The Shallows | reviews, news & interviews
The Shallows
The Shallows
Trouble in paradise for Blake Lively courtesy of a hungry shark
Forty-one years since Jaws chomped its way into celluloid history comes a new addition to the shark film genre with The Shallows, in which Gossip Girl star Blake Lively plays a Texan surfer who goes mano a mano with a hungry fish. How much more does one really need to know? Not a whole lot beyond the inevitable truism that trouble starts brewing from the very moment our plucky heroine tells some new-found friends that she's "gonna be all right".
At which point, cue the gradual isolation of the grieving Nancy, who has recently lost her mum, once an innocent swim in a remote corner of Mexico - billed, helpfully, as "paradise" - turns from the bucolic to the beastly. The coral reefs prove savage and so does a ravenous and persistent shark, both of which test the mettle of a Galveston gal who emerges transformed by the experience: indeed, maybe she'll pursue that elusive medical career after all.
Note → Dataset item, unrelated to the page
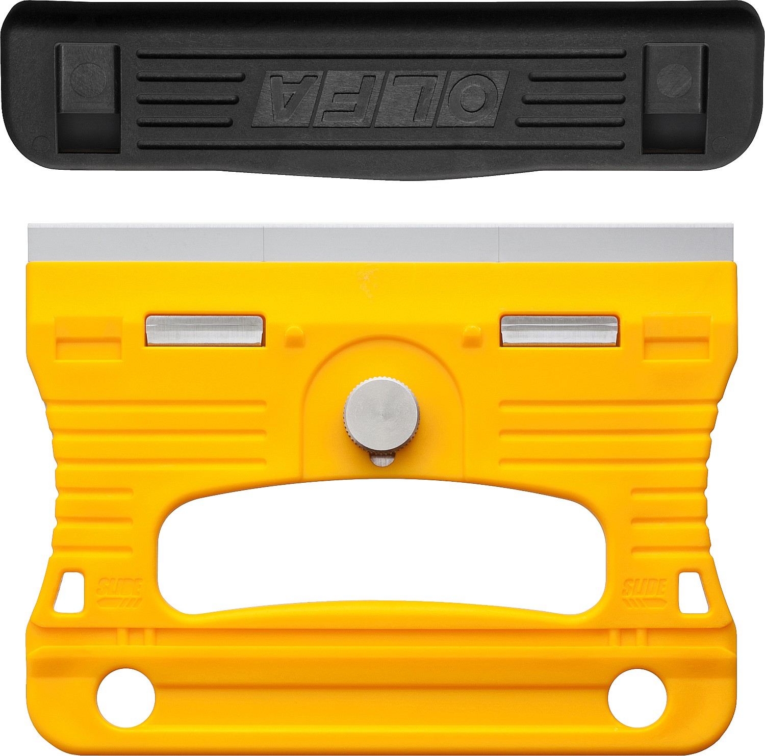 Тонкая конструкция скребка OLFA GSR-1 позволяет наклонять скребок максимально к плоской стеклянной поверхности. Рукоятка и защитная крышка лезвия изготовлены из усиленного фибергласом пластика который известен своей прочностью, жесткостью и устойчивостью к ацетону. Не только лезвие, но и пластина, удерживающая лезвие, и винт изготовлены из нержавеющей стали, поэтому скребок для стекла идеально подходит для работы с водой и жидкостью для мытья посуды.

Dialogue is scant and tends towards the "go back" (and, later, "come back") variety, leaving Spanish director Jaume Collet-Serra to cater to what the audience has come to see. That consists of multiple perspectives on a forbidding seascape that plunge us into the depths - sorry, I mean the shallows - not to mention extensive perusal of a toned, bikini-clad Lively at her most lithe.
Curvaceous but clearly clever, Nancy is scrutinised by a camera that is only slightly less carniverous than the dreaded shark. A game Lively gives it her best Sandra Bullock in space-style all, both before and after Nancy starts losing blood, battling gangrene, and eating unidentifiable sea critters in an attempt to stay alive.
Consisting for most of its notably lean running time (under 90 minutes) of Lively more or less on her own, The Shallows doesn't quite rival Robert Redford's recent All Is Lost when it comes to commandeering a film singlehandedly. Nancy is just too generically conceived to represent anything more than moviedom's latest damsel in distress, this time tricked out with enough lingering shots of her smartphone to signal a breed of product placement unavailable to Steven Spielberg four decades ago.
Those who follow such things may note the apologetic tone with which Nancy confesses early on to being American, in one of the few conversations she is allowed by the script. But Mexico gets it in the craw as well, not least when a boozy local turns up on the beach and proceeds to walk off with Nancy's stuff, waving at her cheerily all the while. Who wrote that portion of the narrative - Donald Trump?